> [SUPPLIED MATERIAL]
□ □ □

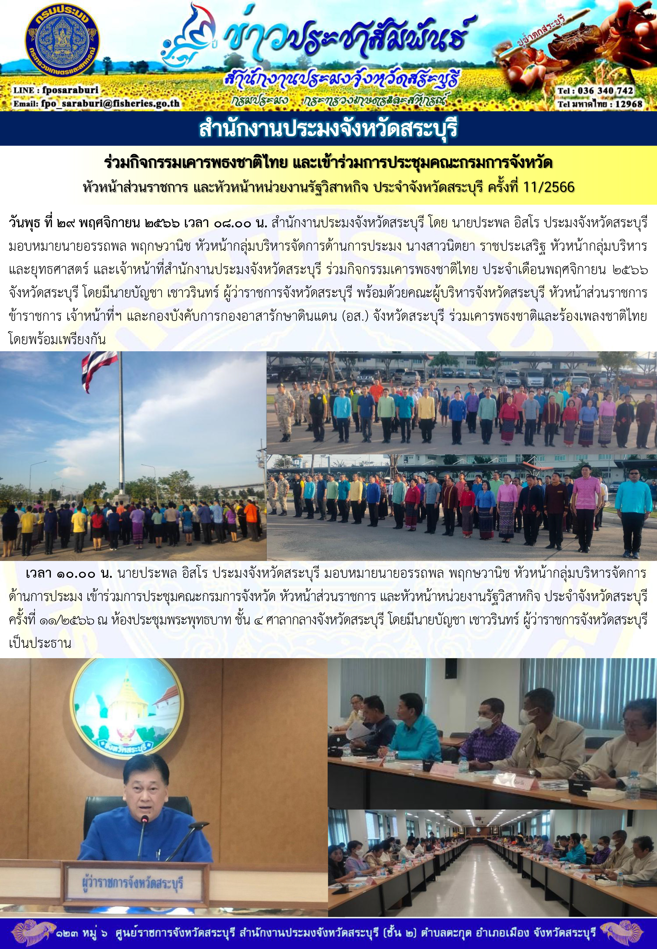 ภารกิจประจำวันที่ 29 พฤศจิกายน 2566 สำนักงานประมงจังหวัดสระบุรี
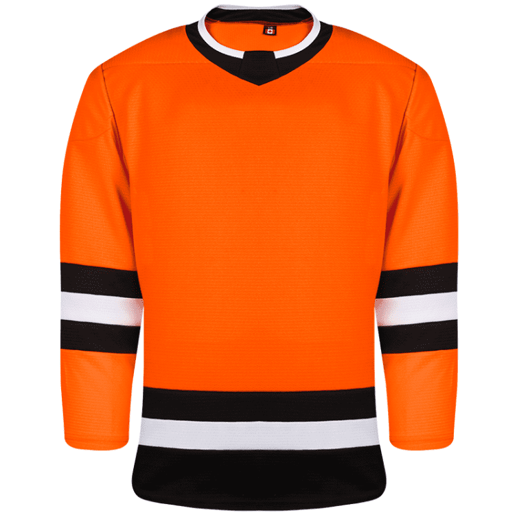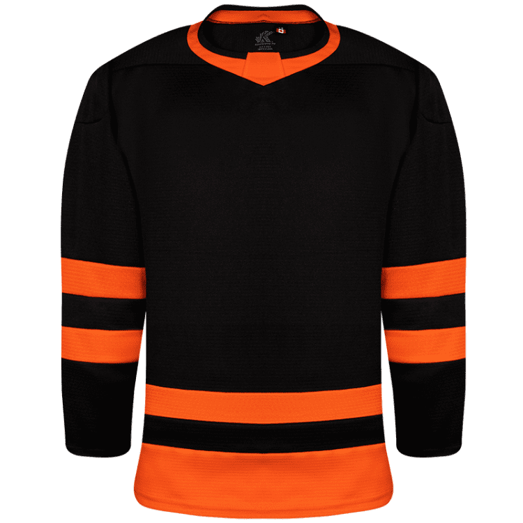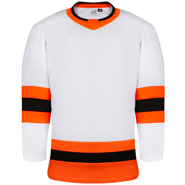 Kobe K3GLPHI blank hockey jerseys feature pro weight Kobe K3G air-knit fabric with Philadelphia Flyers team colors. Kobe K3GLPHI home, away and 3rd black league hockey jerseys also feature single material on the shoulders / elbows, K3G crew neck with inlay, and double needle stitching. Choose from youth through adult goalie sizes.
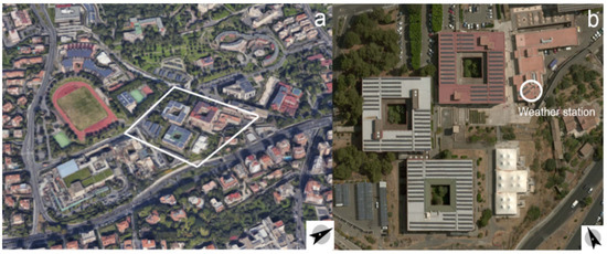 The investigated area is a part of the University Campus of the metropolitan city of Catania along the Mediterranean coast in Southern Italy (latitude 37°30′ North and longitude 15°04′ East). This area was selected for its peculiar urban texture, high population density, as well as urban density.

□ □ □

> [WHAT YOU WILL DO]
Images are to be omitted; repeat the remaining data above exactly.

> [ANSWER BOX]
 ภารกิจประจำวันที่ 29 พฤศจิกายน 2566 สำนักงานประมงจังหวัดสระบุรี
 Kobe K3GLPHI blank hockey jerseys feature pro weight Kobe K3G air-knit fabric with Philadelphia Flyers team colors. Kobe K3GLPHI home, away and 3rd black league hockey jerseys also feature single material on the shoulders / elbows, K3G crew neck with inlay, and double needle stitching. Choose from youth through adult goalie sizes.
 The investigated area is a part of the University Campus of the metropolitan city of Catania along the Mediterranean coast in Southern Italy (latitude 37°30′ North and longitude 15°04′ East). This area was selected for its peculiar urban texture, high population density, as well as urban density.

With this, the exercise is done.